Ingredients
2 lb pork shoulder or pork butt, cut into large chunks
2 tbsp olive oil
1 large onion, finely diced
2 carrots, finely diced
2 celery stalks, finely diced
4 cloves garlic, minced
2 tbsp tomato paste
1 cup dry red wine
1 (28-oz) can crushed tomatoes
1 cup chicken or beef broth
2 sprigs fresh rosemary or thyme
2 bay leaves
Salt and freshly ground black pepper, to taste
1 lb pappardelle pasta
Freshly grated Parmesan cheese, for serving
Instructions
Brown the Pork: Season pork generously with salt and pepper. Heat olive oil in a large Dutch oven over medium-high heat and sear pork on all sides until deeply browned. Remove and set aside.
Build the Base: Lower heat to medium. Add onion, carrot, and celery; cook 6–8 minutes until soft.

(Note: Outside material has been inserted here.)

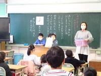 給食が終わった学年から、返却→選書→貸し出し手続きをします。ボランティアさんも来てくださり、会話がはずみます。新しくカードを作った子達は、大喜びでした。たくさんの本に触れてほしいです。
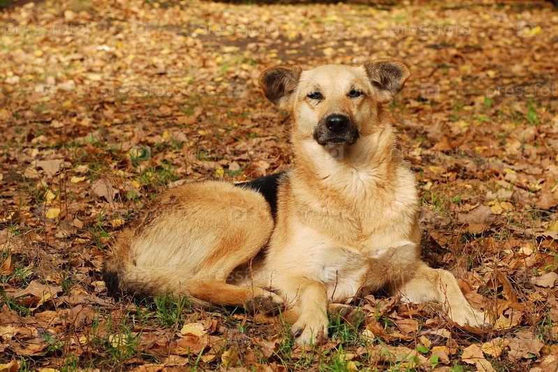 Собака отдыхает на осенней листве

Stir in garlic and tomato paste; cook 1 minute.
Deglaze: Pour in red wine, scraping up browned bits. Simmer 2–3 minutes until slightly reduced.
Simmer: Return pork to the pot. Add crushed tomatoes, broth, herbs, and bay leaves. Bring to a gentle simmer, cover, and cook on low for 1½–2 hours until pork is fork-tender.
Shred & Finish: Remove pork, shred with forks, and return to the sauce. Simmer uncovered 10–15 minutes to thicken. Adjust seasoning.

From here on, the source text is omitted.